Anfänger-Hochtour par Excellence

Hohe Mut Liebenerspitze HochtourSonntag. Verquere Welt: Während der fertig gepackte Hochtourenrucksack an der Türe lehnt, gibt es drinnen Rührei, Birchermüsli und Cappuccino. Die Augen sind nicht klein, die Stimmung nicht wortkarg und nervös wie normalerweise kurz vor Start der Hochtour, sondern völlig entspannt und ausgeschlafen. Kein Wunder, die Sonne ist schon seit Stunden am Himmel, als wir mit der eigens für uns früher eingeschalteten Bergbahn nach oben schweben.

So schön!

Zustieg Liebenerspitze RotmooskopfWährend unsere Blogger-Rasselbande in herrlichem hochalpinen Gelände zur Gletschermoräne schlenderte, wanderte der Blick rund herum: Was für eine wunderschöne, wilde Gegend! Und im Gegensatz zu den berühmten Ausbildungsstützpunkten wie Taschachhaus und Co. waren wir die einzigen im ganzen Tal. Ein Moment zum Innehalten. So schön!

…Aber nur kurz, denn gleich ging es weiter. Drei der insgesamt sechs Gruppen hatten sich bereits gestern für die Überschreitung der Liebenerspitze entschieden – eine Tour, die von allem ein bisschen bietet, aber nie ganz schwer wird. Inklusive herrlicher Aussicht bis weit nach Südtirol und vor allem samt Doppelgipfel mit sympathischer Höhe: 3399 Meter ragt die höhere der zwei Erhebungen in den Himmel.
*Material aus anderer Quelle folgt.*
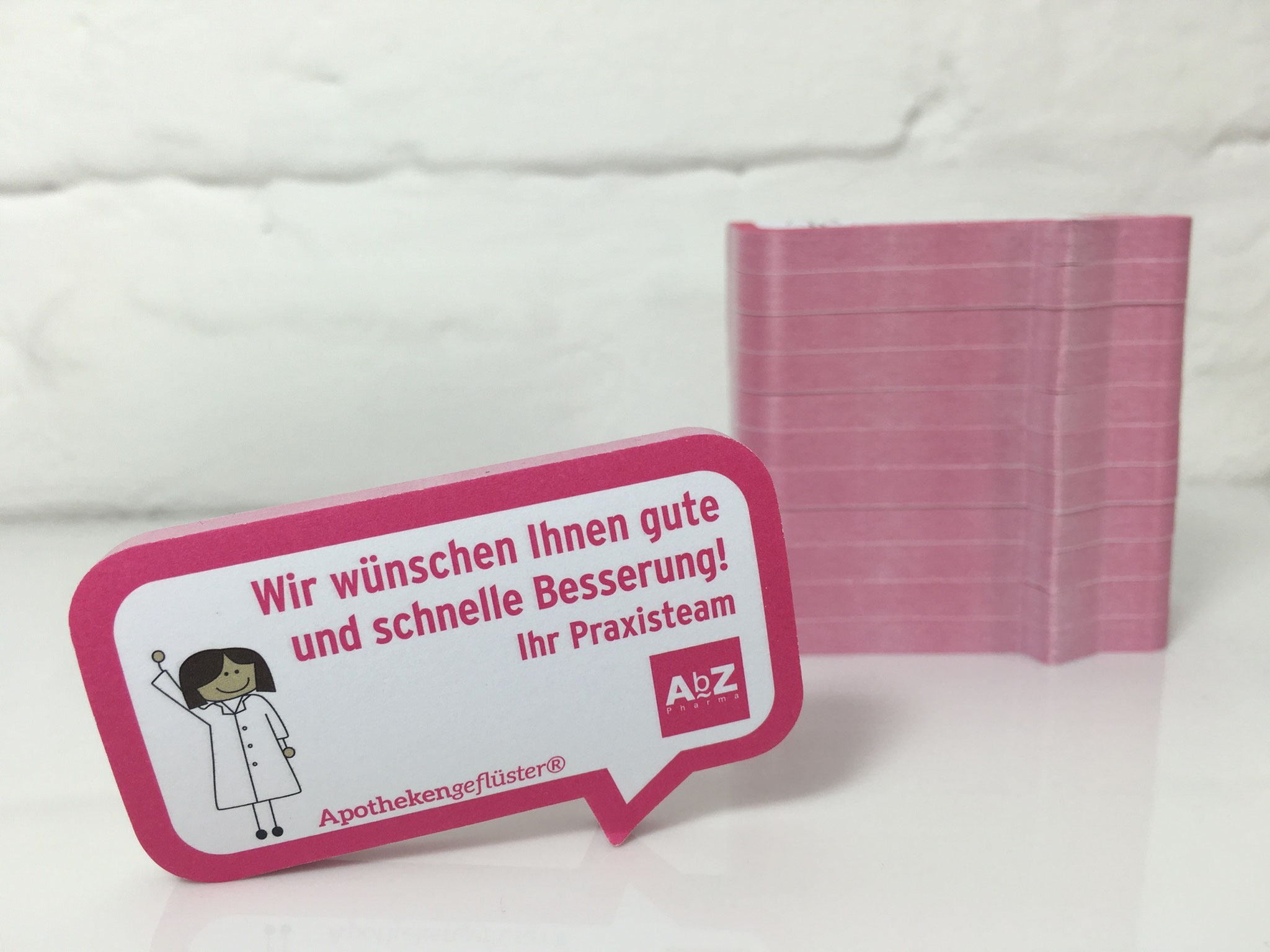 „Im Januar 2016 haben wir in einem Informationsschreiben an Apotheken Dosierungsblöckchen von Apothekengeflüster beigelegt. Wie wir finden, ein schönes und zugleich sinnvolles Geschenk an die Apothekenmitarbeiter. Vielen Dank für die gute Zusammenarbeit.“

Grat Liebenerspitze leichte Hochtour

Liebenerspitze: Ideale Anfänger-Hochtour

Während eine weitere Gruppe den deutlich einfacheren Rotmooskogel ansteuerten wanderten wir über den bereits leicht angefirnten Gletscher. Eine spannende Querung durch steilen Schnee später standen wir am schuttbedeckten, breiten Gratrücken, der plötzlich den Blick nach Südtirol enthüllte. Marmolada, Langkofel, Ortler, Hochwilde – alle standen sie da! Das Staunen war groß, nicht nur bei jenen Teilnehmern, für die bereits hier ein neuer Höhenrekord erreicht war.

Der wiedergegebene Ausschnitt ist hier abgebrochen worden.